This is a topic in which there is a whole lot more opinion and conjecture than hard data. Fourteen days seems way too long to wait and 15 minutes way too short. When treating with OAV it is generally recommended to keep the hive closed up for the 10 minutes or so that the micro crystals are circulating around the hive. So off-hand I would guess that you have not gained much by slapping the supers back on in 15 minutes. It is also accepted by most that the OA is gone by around day three as the bees work diligently to remove the substance from the hive. I would consider that the longest you would need to wait. Practically, I imagine an hour or two is all that is needed. But, this is an opinion and does not have any scientific data to back it up. 

Also, your location is listed as Grafton. Which state? Google maps came up with several possibilities. Where I am, honey supers are pulled long before the first round of OAV is applied.


----------



## Fivej (Apr 4, 2016)

*Re: Fall Extraction Blues*



crofter said:


> Promoting treating with supers on:
> 
> Doing something to yourself is one thing; trying to drum up support to have others do it crosses into different territory. The possible effects on the public perception of honey's _natural purity_ would be impossible to estimate. The potential costs to that image may fall on others, so the right to free speech is not unlimited.
> 
> I am no stickler for always following the letter of the law but there are times and places where it is probably much better to stay mum about ones deviations.


THIS


----------



## edzkoda (Aug 9, 2014)

*Re: Fall Extraction Blues*

Another for formic and wait.


----------



## Mike Gillmore (Feb 25, 2006)

*Re: Fall Extraction Blues*

I'll second aran's suggestion. I've had the same issue with too much uncapped honey in the supers late in the season including this year, but putting off treatments is risky if you want to get your colonies prepared for winter. Formic Pro seems to be the answer for me now. 
I used to use OAV exclusively year round but in the fall the timing is difficult, here at least, to get all the supers off before doing a series of treatments at the correct time. For a couple seasons now I've been using OAV in "late" fall after the supers are off to clean up any mites from robbing, and also a single treatment in winter when broodless. Formic is a great mite knock down in "early" fall at the most critical time, before supers are pulled. 
Take the high road and resist using OAV with uncapped supers on the hives. Our reputations are at stake.


----------



## squarepeg (Jul 9, 2010)

*Re: OAV with honey supers*

"It is a violation of Federal law to use this product in a manner inconsistent with its labeling."

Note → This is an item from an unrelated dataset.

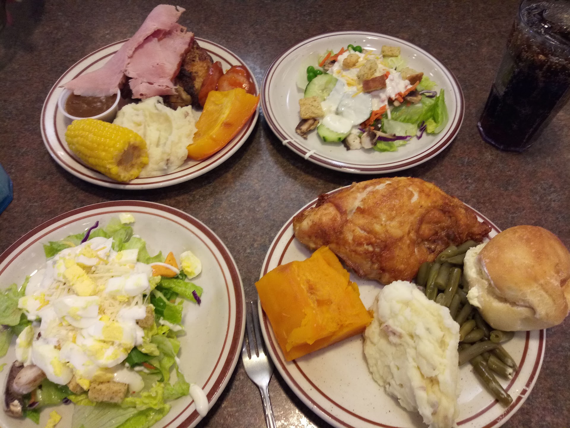 Read moreI've lived in Utah for years and heard about this place from ads. Thought it was sort of a cheesy All-you-can-eat place. And imagine that: it is! First impression was the really annoying country music playing in the background. Then the busboy kept singing, badly, and loudly. I don't mean just occasionally, but all the time, and even when there was no other voice in the music track. It's rude to whistle, hum, or sing in public unless it's part of an act! He talked to himself too, and forgot about customers waiting for service. Then the food. OK salad bar - well it's pretty good. But they did not have olives, chopped the radishes up to a mince, and most of the prepared salads were not at all appetizing, but I don't believe pasta is supposed to be in a salad. The soup was barely warm, a health violation. It did not taste homemade. Then the entrées, the only thing that even appealed to me was the fried chicken (there were many other options). It was pretty good, even though the breading was sort of falling off. The mashed potatoes had the peels in - which is another pet peeve for me - if I wanted mashed potatoes with wet cardboard, I'd order that. Peelings don't belong in mashed potatoes! I like the peels on boiled potatoes, or baked, or in some other circumstances, but the whole point of mashed is not to have peels in them. The vegetable selection consisted of all the vegetables I don't really like, and looked sort of sad in there steam table containers. Desserts looked OK, but I did not really partake. I like other All-you-can eat places, but won't go back...
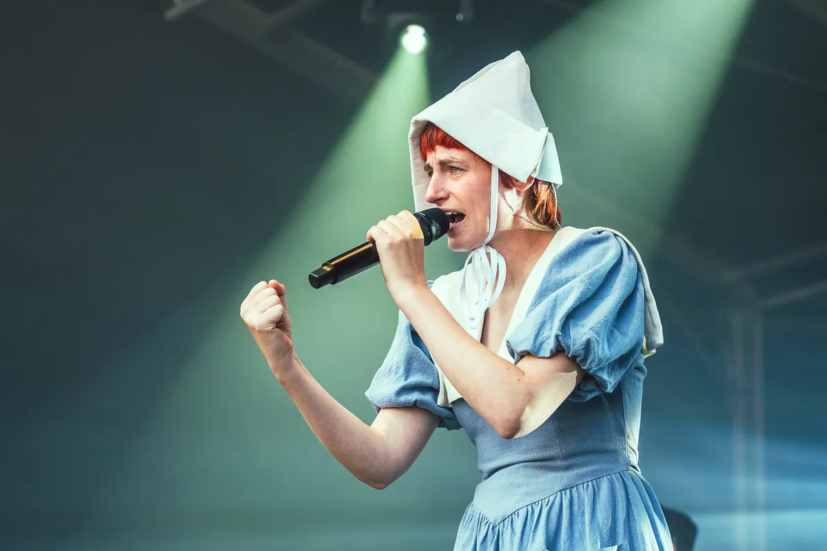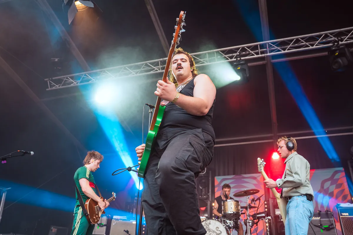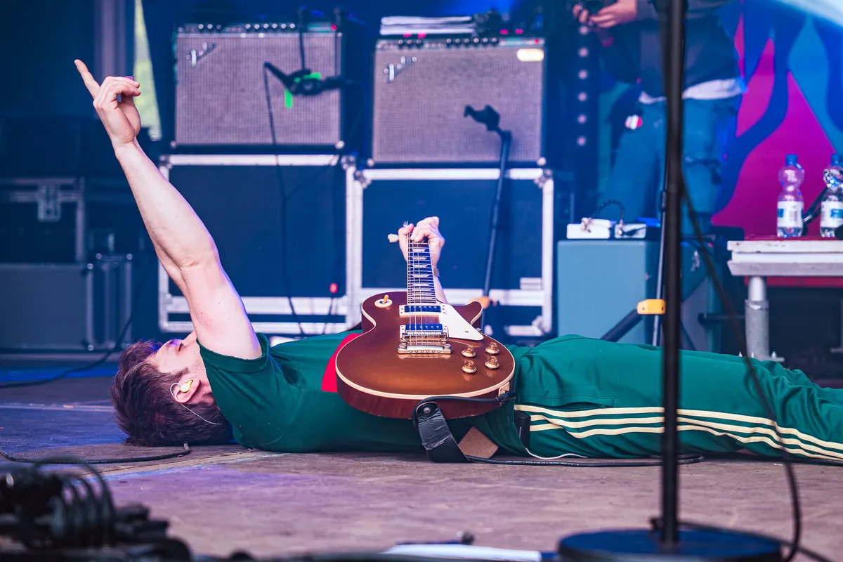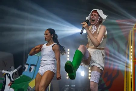 Tussen al dat gitaargeweld staat ook nog Elmer, zelfgekozen voornaamwoorden Haver/Gort. Elmer heeft een DIY-decor uit Amsterdam meegenomen waar de gemiddelde theaterdocent jaloers op is. Met een Oerhollandse molen, een draaiorgel en Elmer zelf in klederdracht gehuld, staat de show bijna volledig in het teken van album platland. Het optreden zit conceptueel en tekstueel sterk in elkaar, met gevatte taalspelingen en punchy Joost Klein-achtige beats. Ook de twee achtergronddanseressen/hype women hebben duidelijk zin in een feestje. Dat ze in baret en bretels het podium betreden, schrijven we maar toe aan het feit dat de Franse vlag ongeveer dezelfde kleuren heeft.

"READ THIS LABEL: Read the entire label. This product must be used strictly in accordance with this label’s precautionary statements and use directions, as well as with all applicable State and Federal laws and regulations."

"USE RESTRICTIONS:

Do not use when honey supers are in place to prevent contamination of marketable honey."

cite: https://www3.epa.gov/pesticides/chem_search/ppls/091266-00001-20151013.pdf


like it or not, agree with it or not, fuzzy math disproven or not, at this point in time this label is the law and none of the above will exempt you from the consequences should you be found in violation of it.

notice also that there is no provision in the label for the placement of a 'barrier' between the honey supers and the rest of the hive receiving the treatment. 

comments, suggestions, and/or advice given here on the forum that is contradictory to these label restrictions (thereby promoting the violation of u.s. federal law) in my view is crossing a line with respect to promoting responsible content here on the forum.

going forward any such content will be edited.


----------



## Grins (May 24, 2016)

*Re: OAV with honey supers*



squarepeg said:


> "It is a violation of Federal law to use this product in a manner inconsistent with its labeling."
> 
> "READ THIS LABEL: Read the entire label. This product must be used strictly in accordance with this label’s precautionary statements and use directions, as well as with all applicable State and Federal laws and regulations."
> 
> ...


Squarepeg, what are the consequences?


----------



## squarepeg (Jul 9, 2010)

*Re: OAV with honey supers*



Grins said:


> Squarepeg, what are the consequences?


https://www.law.cornell.edu/cfr/text/40/170.9


----------



## JWPalmer (May 1, 2017)

*Re: OAV with honey supers*

Beekeepers by their nature seem to be a bit on the contrarian side, thus a discussion on methods that seems to meet the letter of the law while ignoring the intent. Or conversely seems to meet the intent while ignoring the letter. So a question does remain, if one follows the label and removes the honey supers prior to treating so they are not "in place", how long after treating do they need to remain not "in place" to comply with the intent? This is not part of the directions for use and pehaps should be. I would argue that once the vapors had subsided and the hive had aired out some, there was no longer a threat of exposure to the honey supers and they could be placed back on the hive.

With regard to barriers, thank you Squarepeg for reminding us all that the use of a barrier is not an approved method of having the the supers not in place, isolation is not quite the same as removal.


----------



## squarepeg (Jul 9, 2010)

*Re: OAV with honey supers*



JWPalmer said:


> So a question does remain, if one follows the label and removes the honey supers prior to treating so they are not "in place", how long after treating do they need to remain not "in place" to comply with the intent? This is not part of the directions for use and perhaps should be.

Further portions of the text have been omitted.